What would audiences be surprised to know about you?
- I don’t drink coffee.
- I meditate every other day.
- I don’t make my bed in the morning – Sorry mom!
- I love aquariums.
- I held onto a camel’s neck for dear life once…while wearing a clown nose.
- Someone thought I was actually Toby Maguire once – I was buying shoes at a Payless.
- I was born half deaf, and had corrective surgery on my ear when I was three years old.

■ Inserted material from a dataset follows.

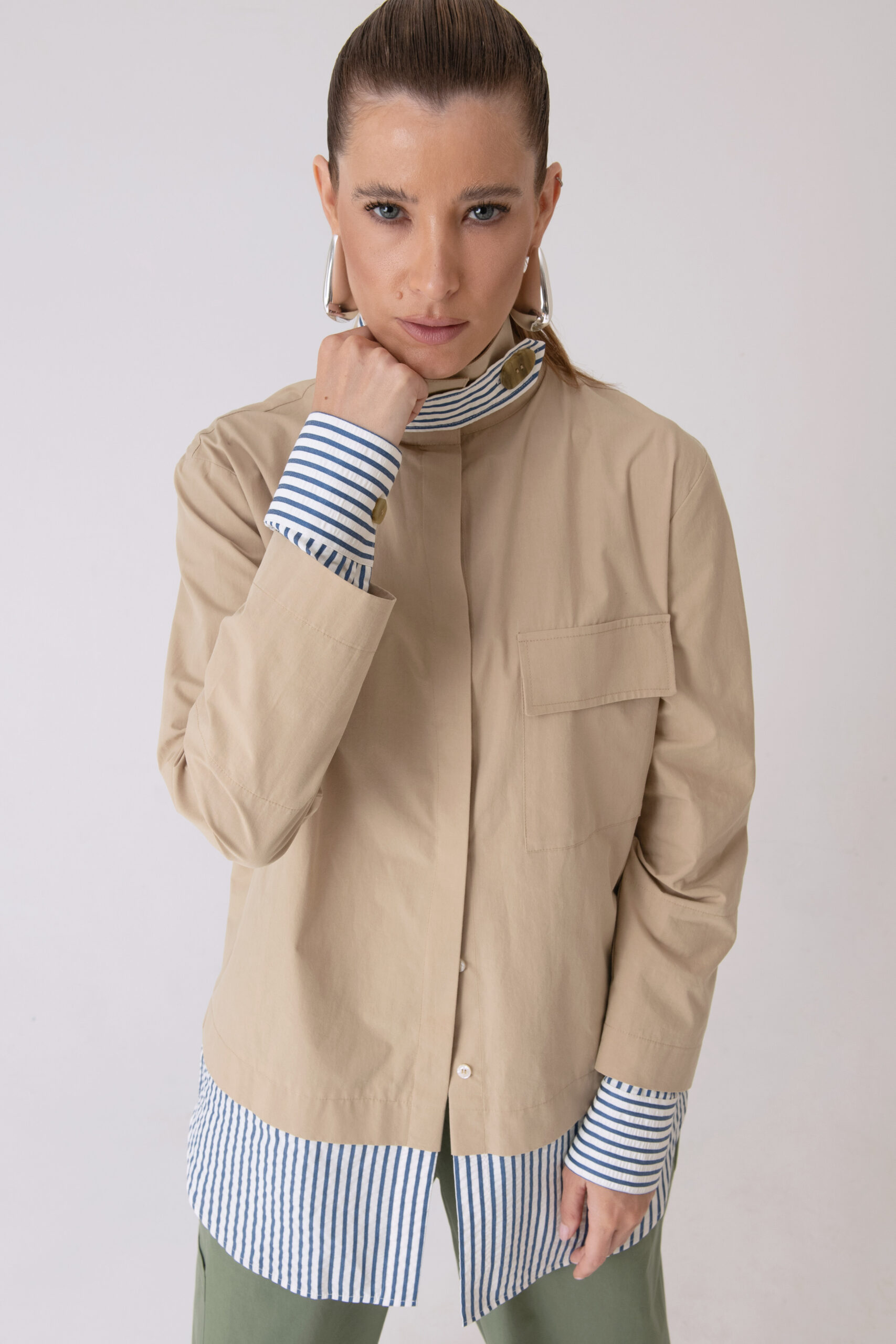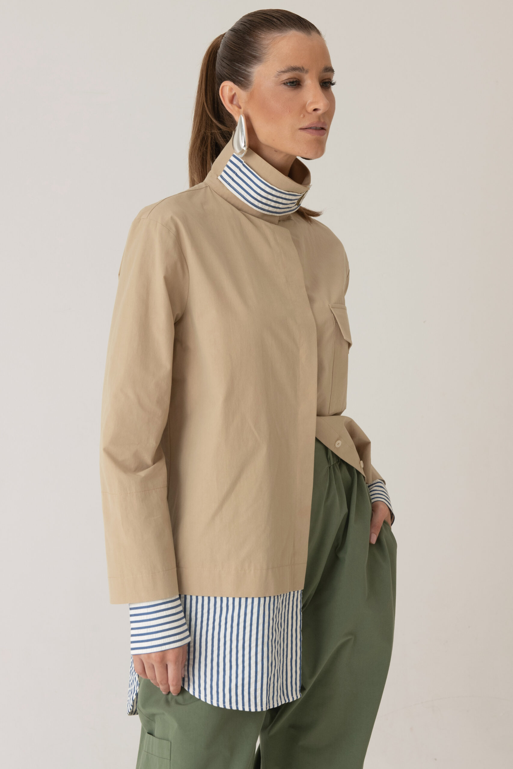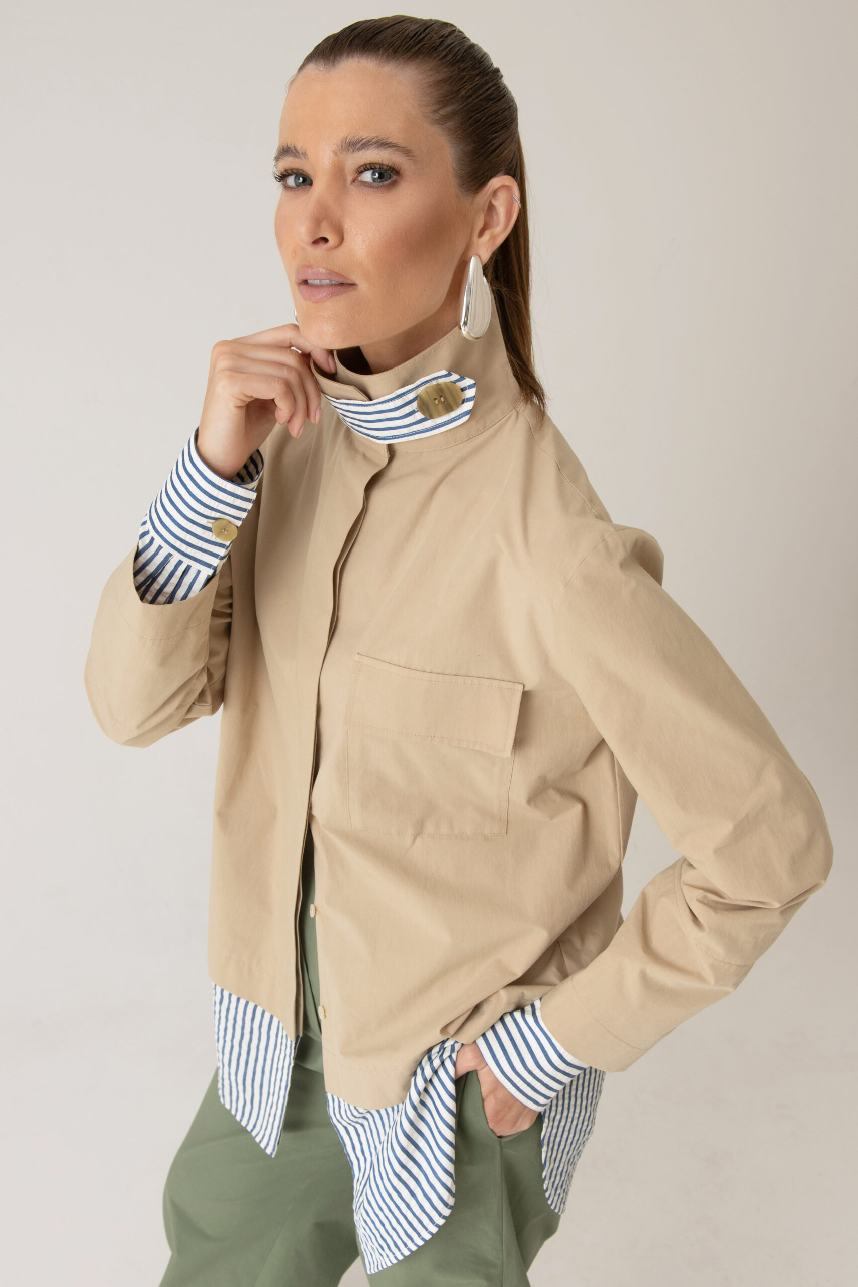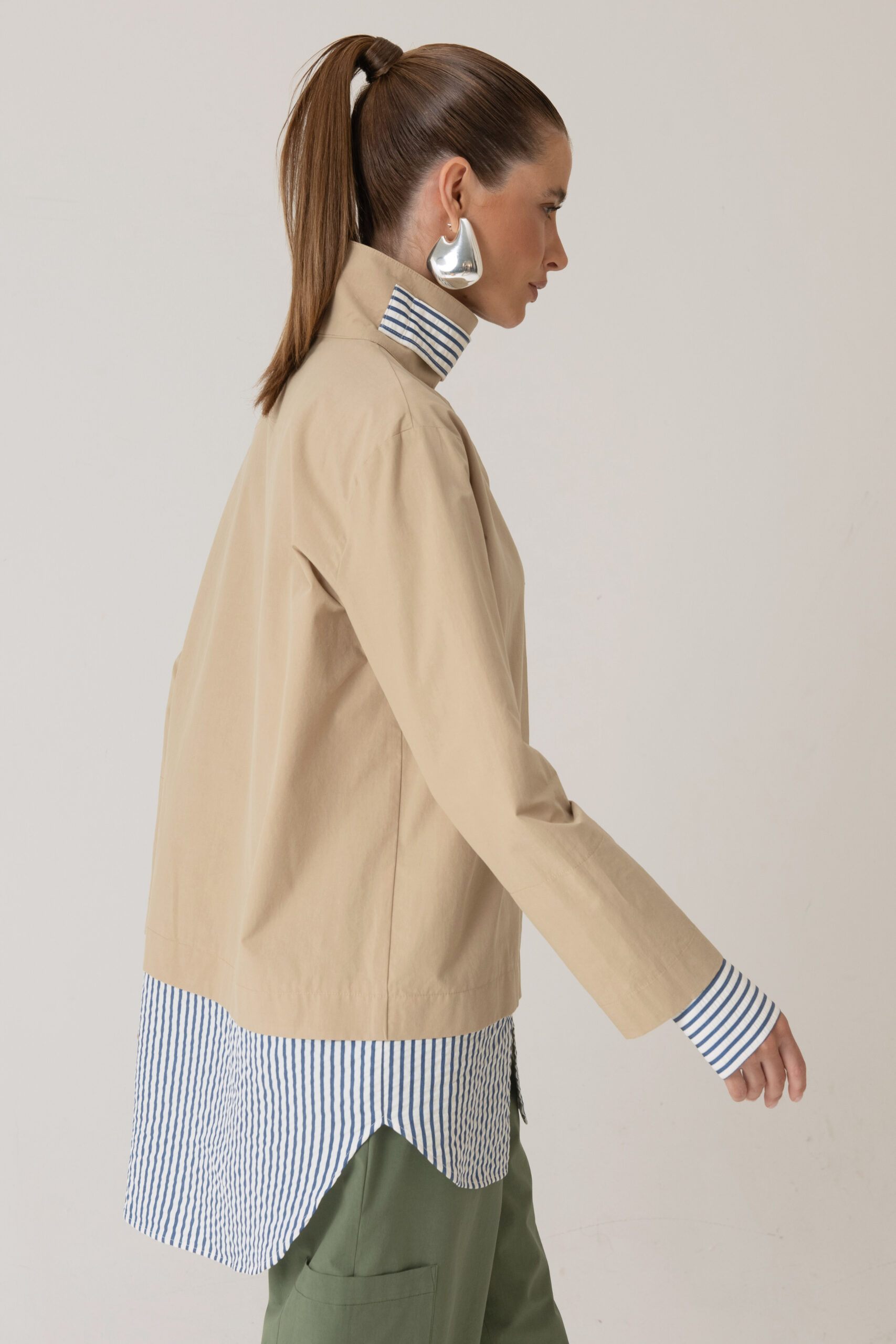 Possui fechamento frontal, bolso aplicado e detalhes contrastantes nas mangas e barra com tecido em algodão listrado.

- Sometimes, I legitimately do not know what Tyrone will do next in the play. On occasion, I actually do surprise myself (or he surprises me, rather) and he’ll change his blocking, improvise something he’s never said before, or whisper things in my ear. He’s a really bad scene partner because he makes it all about him and it’s a little hard to grasp that reality, but it’s real. I just really hope that he knows all his lines, because in rehearsal he would often scream at me or the stage manager and demand his lines in a really rude way. I know he loves me, but sometimes it’s hard to tell.